Silence filled the air and Rose waited for a reaction, feeling anticipation build in her stomach. It was funny, she thought, how she could be worried about little things like this (such as what the Doctor thought of her) when she was about to be faced with the ultimate unknown. However, a warming smile passed across his face, showing her silently that he didn't think it was silly at all. Though he knew wiping away her tears was a completely fruitless gesture, it made him feel better and he did it all the same, leaning lightly on the bed.
"An'…what about my mum? What if she can't cope with losin' all of us? She even started to like you, Doctor." But this time there was no jest behind her words. "Mickey, an' my dad, and me, and you…what's she gonna do?" Another tear leaked out, floodgates opening one by one with her words. "Will – will you tell her for me?"
A silent nod of consent, although he knew he'd never be able to face Jackie and tell her he'd let her only child die.
"I'm scared that you're gonna blame yourself for this."

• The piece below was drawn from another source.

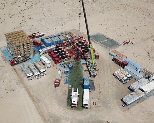正通油氣壓裂分公司有84臺(tái)壓裂車(2000型壓裂車20臺(tái)、2500型壓裂車64臺(tái))、儀表車共有5臺(tái)(杰瑞儀表車3臺(tái)、三一儀表車車2臺(tái))、混砂車共有5臺(tái)(杰瑞混砂車3臺(tái)、三一儀混砂車2臺(tái))、杰瑞高壓管匯車1臺(tái)、四機(jī)賽瓦混配撬2臺(tái),近12萬(wàn)水馬力壓裂車組。可同時(shí)開(kāi)展1-3個(gè)工作面的施工作業(yè),年施工能力在1000井層以上,施工排量可達(dá)16—18m3/min 以上,施工壓力可達(dá)120MPa, 砂比可達(dá)55%,能進(jìn)行直井、定向井、水平井的壓裂。公司所屬壓裂研究所具有壓裂設(shè)計(jì)、壓裂液配制、井下工具設(shè)計(jì)與施工等能力 Zhengtong Oil &Gas Fracturing Branch boasts 84 fracturing trucks (2000 type fracturing truck 20, 2500 type fracturing truck 64),5 instrument trucks (3 Jereh instrument trucks and 2 SANY instrument trucks),sand tank trucks (3 Jereh sand tank trucks and 2 SANY sand tank trucks),one Jereh high pressure manifold truck,andtwo SJS mixing skid.With the total capacity of the fracturing truck units of 12,000 WHP,it can carry out operations on 1-3 working faces at the same time.The annual capacity is more than 1000 well-layers,the displacement exceeds 16-18 m3/min,the constructionpressure can be up to 120 MPa,and the sand ratio can reach 55%.It can complete the fracturing of vertical wells,directional wells and horizontal wells.The fracturing research institute affiliated to the Company has the capabilities of fracturingdesign,fracturing fluid preparation,and downhole tool design and construction.

Although he was a little shocked, he said nothing; Rose needed to get all of this out. Besides, what else was there to say? He always would blame himself, no matter what she said.
"This doesn't hurt as much as I thought it would…" Her voice had a faraway quality to it and there was a drifting look in her eyes. Scared he was losing her, he intensified his grip on her hand.
"No?"
"Nah. I guess…I sorta thought it'd be like being ripped apart or something…soul out of your body and all that."
"You're not quite there," he reassured her quietly, the 'yet' hanging ominously in the air between them. "And…well, wonders of modern medicine. You have a lot to thank old Freddie Serturner for."
Brushing past the history-of-medical-science reference with a light smile, she continued. "You know what else?"
He shook his head, slightly bemused, trying to ignore the way her skin had gone so pale he could see every single vein running through her face.
"I'm absolutely terrified that I'm never gonna see you again." And, after a slight pause:"Can ya tell me that I will?"
Silence. She'd known it was a stupid question the moment she said it: even he didn't know what came after this, but she'd needed reassurance.
"If there is anythin', Doctor, if I can...I'll wait for you there."
His only response was to mutely place his other hand over their joined ones. He'd never been any good at goodbyes.